Memory Processes

Suppose you were interested in looking at the effects of learning processes on subsequent long-term memory. One method is to present several groups of participants with the same list of nouns, and to ask each group to perform a different activity or orienting task with the list. The tasks used range from counting the number of letters in each word to thinking of a suitable adjective for each word.

If participants were told their memory was going to be tested, they would presumably realise that a task such as simply counting the number of letters in each word would not enable them to remember much, and so they might process the words more thoroughly. As a result, the experimenter does not tell them about the memory test (incidental learning). Finally, all the participants are unexpectedly asked for recall. As the various groups are presented with the same words, any differences in recall reflect the influence of the processing tasks.

Hyde and Jenkins (1973) used the approach just described. Words were either associatively related or unrelated in meaning, and different groups of participants performed each of the following five orienting tasks:

1. Rating the words for pleasantness.

2. Estimating the frequency with which each word is used in the English language.

3. Detecting the occurrence of the letters "e" and "g" in the list words.

4. Deciding on the part of speech appropriate to each word.

5. Deciding whether the list words fitted sentence frames.

Half the participants in each condition were told to try to learn the words (intentional learning), whereas the other half were not (incidental learning).
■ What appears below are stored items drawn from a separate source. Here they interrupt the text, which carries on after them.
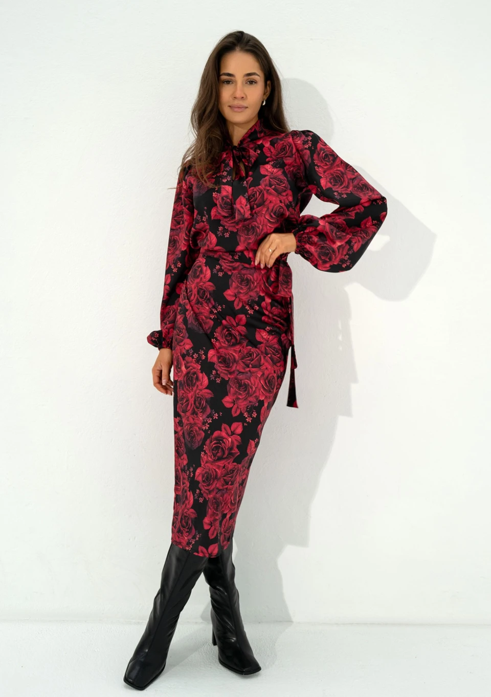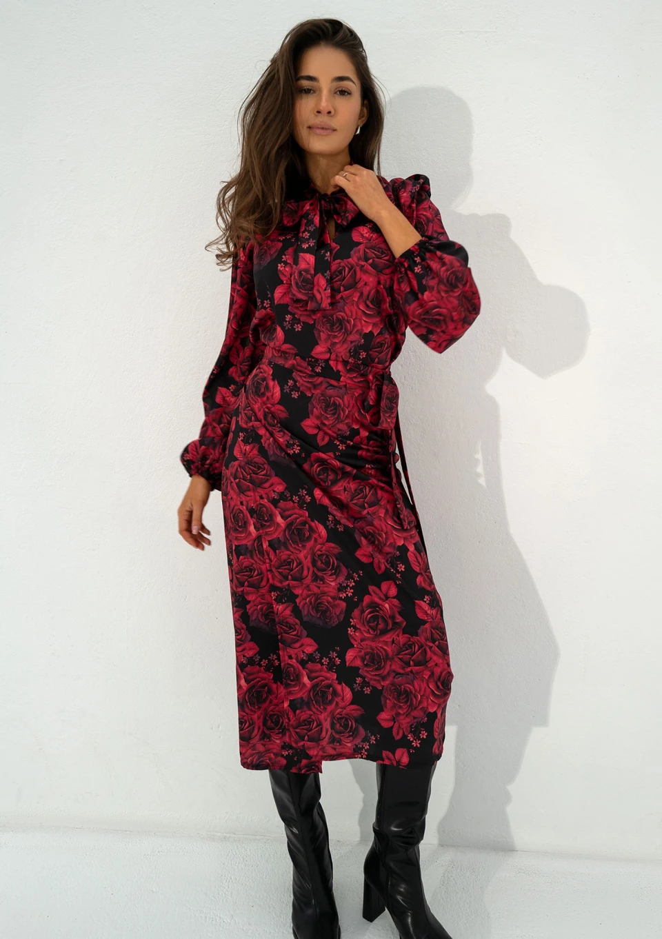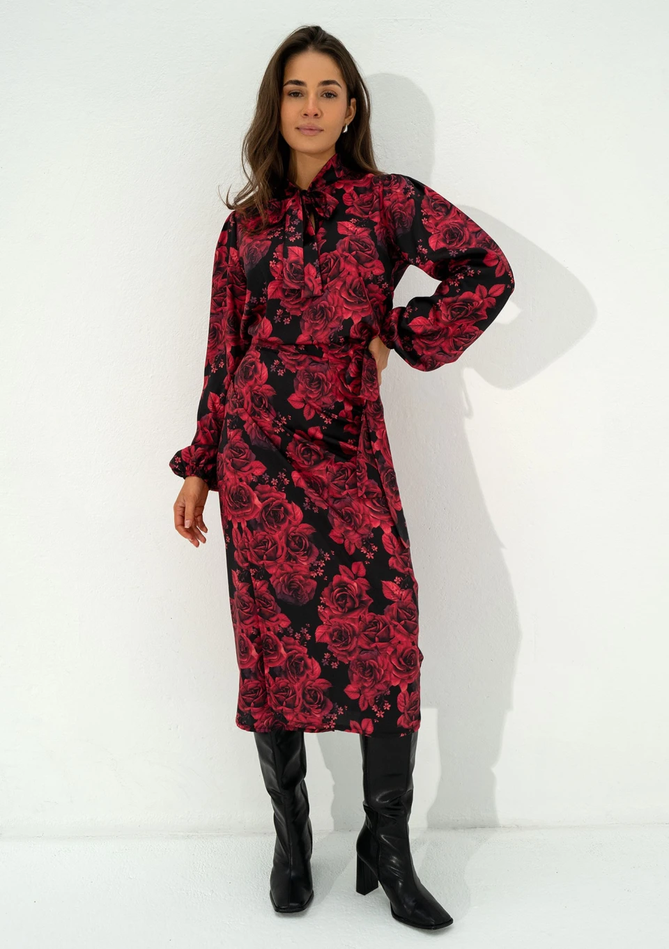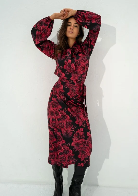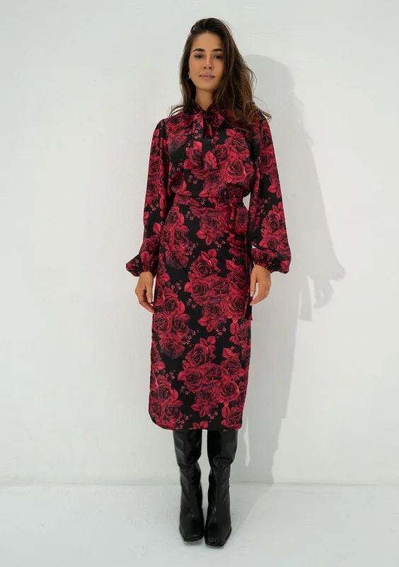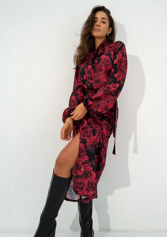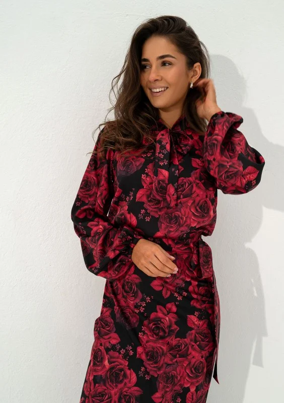 Kolory koszuli damskiej Kinsley znakomicie wpisują się w trendy chłodnego sezonu! Starannie zaprojektowana i uszyta z wysokiej jakości tkaniny, koszula ułatwi Ci planowanie codziennego outfitu do pracy czy inną okazję, w której będziesz chciała wyglądać elegancko, profesjonalnie, a także kobieco. Zmysłowy print bordowych kwiatów idealnie współgra z szykownym wiązaniem. Koszula jest bardzo wygodna, pozbawiona guzików. Rękawy zapewniają poczucie komfortu, wykończone są elastycznymi gumkami. Tkanina jest bardzo komfortowa, a sprężyste włókna umożliwiają odpowiedni przepływ powietrza. Stwórz piękny komplet, do zakupu koszuli dodaj dedykowaną spódnicę kopertową o tym samym wzorze.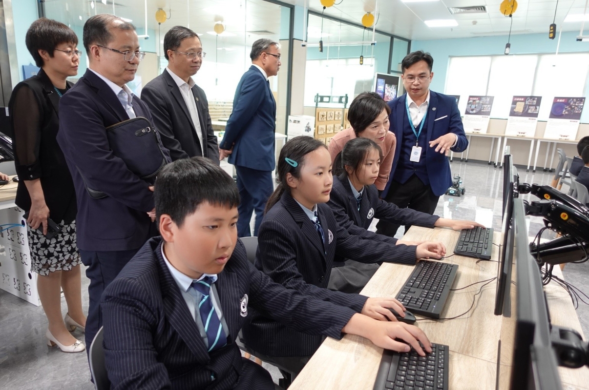 蔡若蓮到訪廣州暨大港澳子弟學校,了解港人子弟在內地求學情況。圖示蔡若蓮(前排右二)觀察學生學習機械人技術。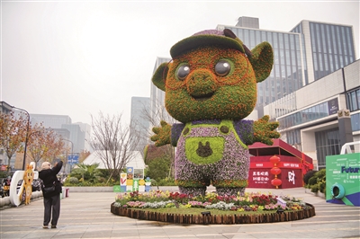 位于西湖区文三路学院路口的“福气猪猪”立体花坛换上了新年新装。全新亮相的小猪披上了明黄色外衣,搭配紫色T恤与粉色背带裤,静立于缤纷花丛之中,俏皮又灵动,向人们传递着温暖与欢愉。据悉,此次焕新采用了近3.6万株角堇,花期将持续至2月份。昨日记者在现场打卡。 商报记者 项凯 摄影报道

There was a test of free recall shortly after the orienting task finished.

The findings are shown in Figure 6.9. Rating pleasantness and rating frequency of usage presumably both involve semantic processing (processing of meaning), whereas the other three orienting tasks do not. Retention was 51% higher after the semantic tasks than the non-semantic tasks on the list of associatively unrelated words, and it was 83% higher with associatively related words. Surprisingly, incidental learners recalled the same number of words as intentional learners. Thus, it is the nature of the processing activity that determines recall.